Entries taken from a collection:
━━━━

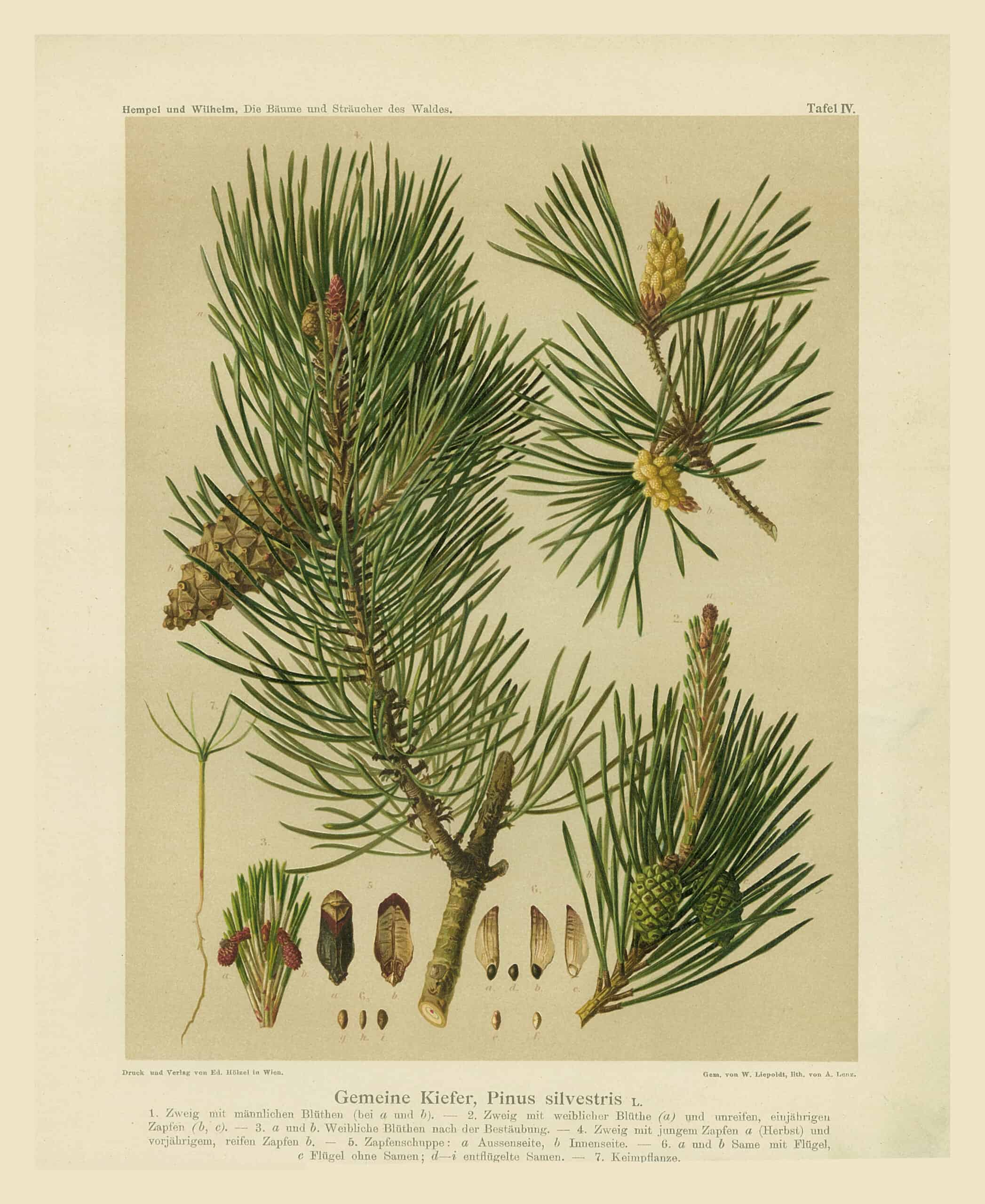 Die Kiefer ist die dritthäufigste Nadelbaumart in unseren Wäldern. Aus dem Kiefernharz wird Teer, Terpentinöl und Kolophonium hergestellt.
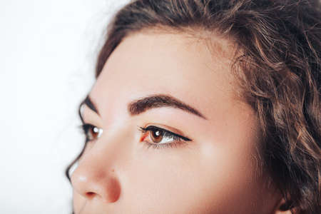 Eye and eyebrow of a young woman and eyebrow correction procedure
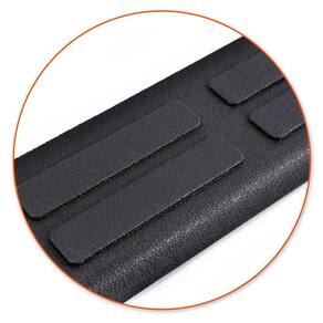 especificações : produto na cor preto fabricadas em plástico injetado fácil instalação textura antiderrapante fixação por fita 3m dupla face possui 4 peças medidas da soleira dianteira: 56 cm x 8 cm medidas da soleira traseira: 45 cm x 8 cm
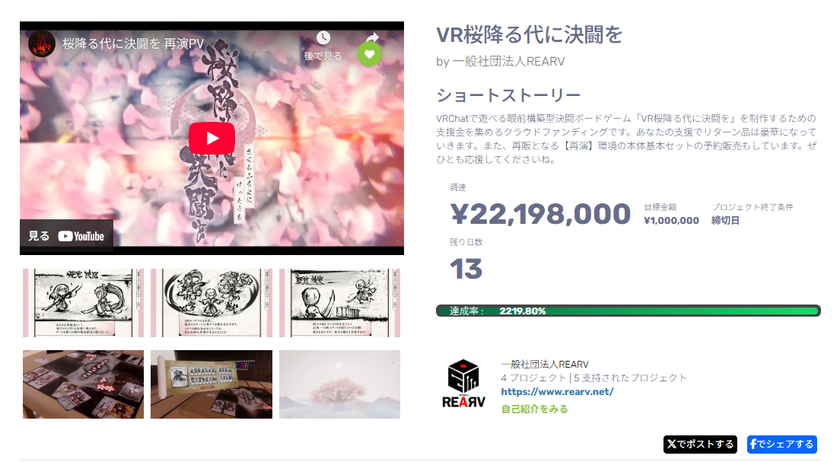 「REALとVRをA:アナログゲームでつなぐ!」を理念とするREARVでは、「桜降る代に決闘を」のクラウドファンディングにより、更なるVRアナログゲームの普及と発展を目指しています。
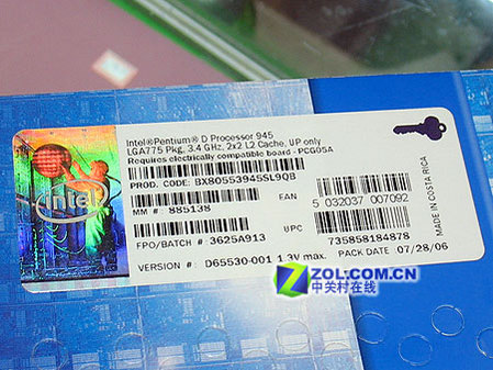 【图】Pentium D 945盒装处理器型号标签

━━━━

Action item: Give back each entry verbatim but drop its pictures.

Answer area:
 Die Kiefer ist die dritthäufigste Nadelbaumart in unseren Wäldern. Aus dem Kiefernharz wird Teer, Terpentinöl und Kolophonium hergestellt.
 Eye and eyebrow of a young woman and eyebrow correction procedure
 especificações : produto na cor preto fabricadas em plástico injetado fácil instalação textura antiderrapante fixação por fita 3m dupla face possui 4 peças medidas da soleira dianteira: 56 cm x 8 cm medidas da soleira traseira: 45 cm x 8 cm
 「REALとVRをA:アナログゲームでつなぐ!」を理念とするREARVでは、「桜降る代に決闘を」のクラウドファンディングにより、更なるVRアナログゲームの普及と発展を目指しています。
 【图】Pentium D 945盒装处理器型号标签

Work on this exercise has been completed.